Originally Posted by m.a.l.'s pa (Post 6023980)
Yeah, what the OP wrote sounds exactly like what was happening here. The monitor would go black and I couldn't do anything (that I could think of). Mouse wouldn't do anything, keys wouldn't do anything. Except I could still use Ctrl+Alt+F1 to get to a tty terminal, followed by Ctrl+Alt+F7 to get back into the Xfce session. The only other option I knew of was to do a hard reboot.


At this point, I'm not sure. Suddenly I vaguely recall swapping virtual terminals. But I though I was just finding a way to keep the screen "always on". My other systems have screen save set and suspend, they work as expected.
Disabling these is where I've encountered the issue, to what degree I can't recall exactly.

Praveen_Rinku 11-27-2019 07:22 AM

screen is not resuming from blank state in Debian Buster
 
I have recently installed Buster on my PC. I have not installed any power management pkg or any screensaver.
The screen goes blank due to below xorg setting. Now if I press any keyboard button it doesn't lead to screen resume and I am left with rebooting only.
I am expecting that on my keyboard press , screen should resume. I am not sure what I am missing in my installation.
Though I can turn off xserver screen setting by "xset command" but that is the last thing I would like to do.

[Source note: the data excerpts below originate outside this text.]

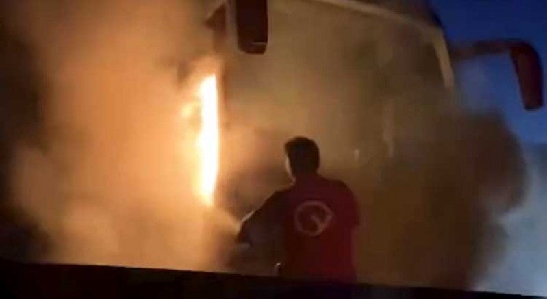 Kıcı mevkisinde, sürücüsünün kimliği henüz belirlenemeyen 58 TC 014 plakalı yolcu otobüsünün ön kısmında yangın çıktı.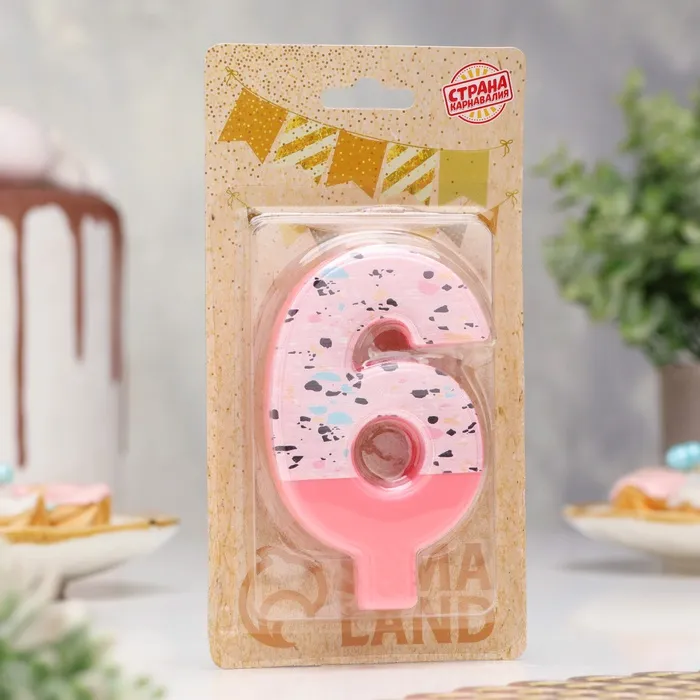 Свеча для торта «Мозайка», цифра 6, розовый — Характеристики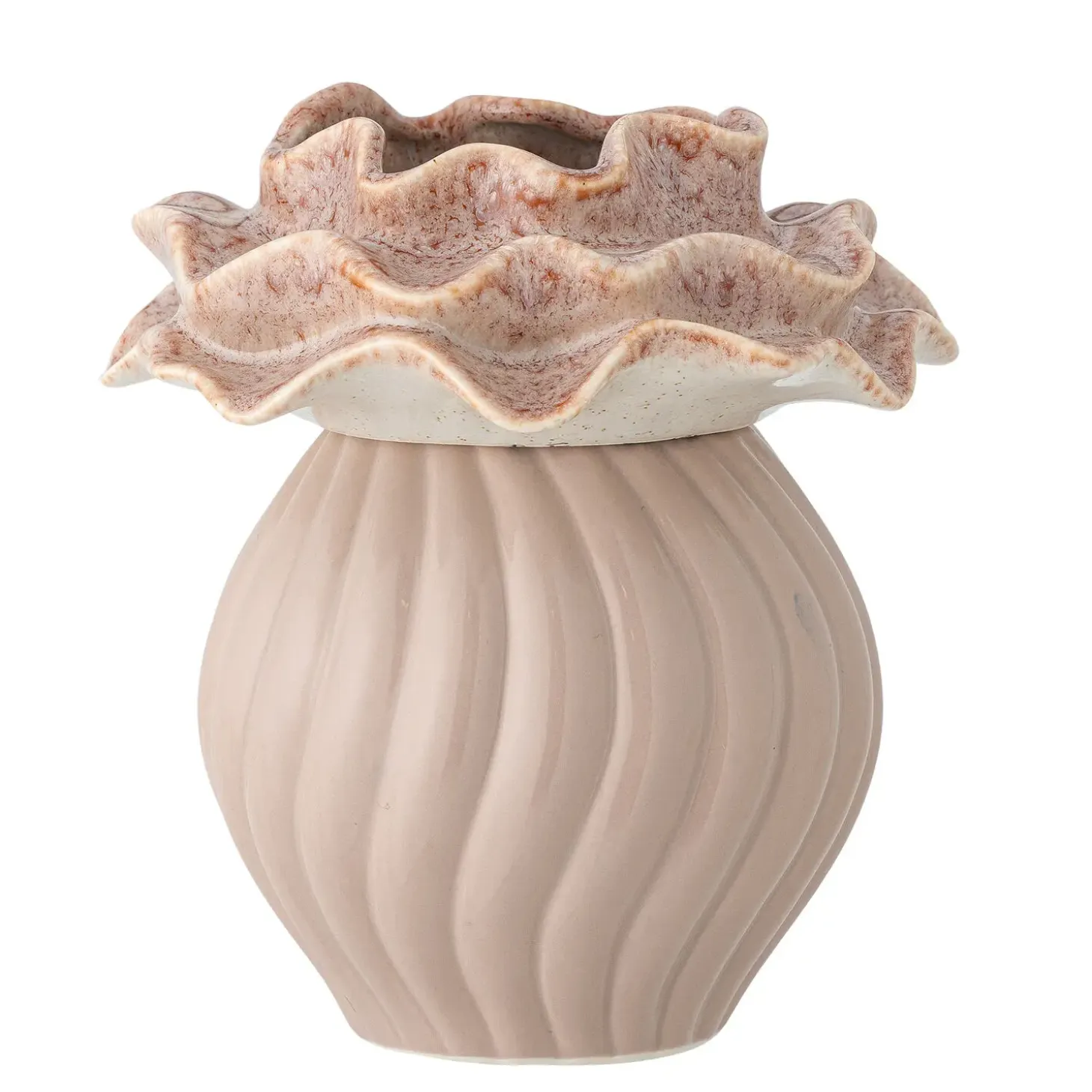 Denne Petalia-vase i stentøj kombinerer holdbarhed med et særpræget udtryk. Den bløde rosa nuance og den riflede overflade skaber en vase, der både er praktisk og dekorativ i din indretning.

Below are brief logs where i have removed some parts.
Output of #xset q :
====================
Screen Saver:
prefer blanking: yes allow exposures: yes
timeout: 64800 cycle: 600
DPMS (Energy Star):
Server does not have the DPMS Extension
===================
Xorg.0.log:
==================
X.Org X Server 1.20.4
X Protocol Version 11, Revision 0
[ 18.979] Build Operating System: Linux 4.9.0-8-amd64 i686 Debian
[ 18.979] Current Operating System: Linux localhost 4.19.67-rt24 #1 PREEMPT RT Wed Nov 13 19:35:42 IST 2019 i686
--

[ 19.022] (II) Loading /usr/lib/xorg/modules/drivers/modesetting_drv.so
[ 19.027] (II) Loading /usr/lib/xorg/modules/drivers/fbdev_drv.so
[ 19.028] (II) Loading /usr/lib/xorg/modules/drivers/vesa_drv.so
(WW) modeset(0): Option "DPMS" is not used
[ 19.277] (II) Initializing extension Generic Event Extension
[ 19.277] (II) Initializing extension SHAPE
[ 19.277] (II) Initializing extension MIT-SHM
[ 19.277] (II) Initializing extension XInputExtension
[ 19.278] (II) Initializing extension XTEST
[ 19.278] (II) Initializing extension BIG-REQUESTS
[ 19.278] (II) Initializing extension SYNC
[ 19.278] (II) Initializing extension XKEYBOARD
[ 19.278] (II) Initializing extension XC-MISC
[ 19.278] (II) Initializing extension SECURITY
[ 19.278] (II) Initializing extension XFIXES
[ 19.279] (II) Initializing extension RENDER
[ 19.279] (II) Initializing extension RANDR
[ 19.279] (II) Initializing extension COMPOSITE
[ 19.279] (II) Initializing extension DAMAGE
[ 19.279] (II) Initializing extension MIT-SCREEN-SAVER
[ 19.280] (II) Initializing extension DOUBLE-BUFFER
[ 19.280] (II) Initializing extension RECORD
[ 19.280] (II) Initializing extension DPMS
=============================================
lspci :
VGA Controller Intel Corp rev09
============================================

ondoho 11-28-2019 01:05 AM

^ That cannot be caused by Xorg's screensaver.
Also that is never the whole XOrg.0.log.
And the lspci output seems to be lacking also.
Please start a new thread, explaining the problem in as much detail as possible, and add this information:
Code:

laptop-detect -v
lscpu
lspci -k
cat /var/log/Xorg.0.log

Please use CODE tags for cose, and make sure you show us the whole output.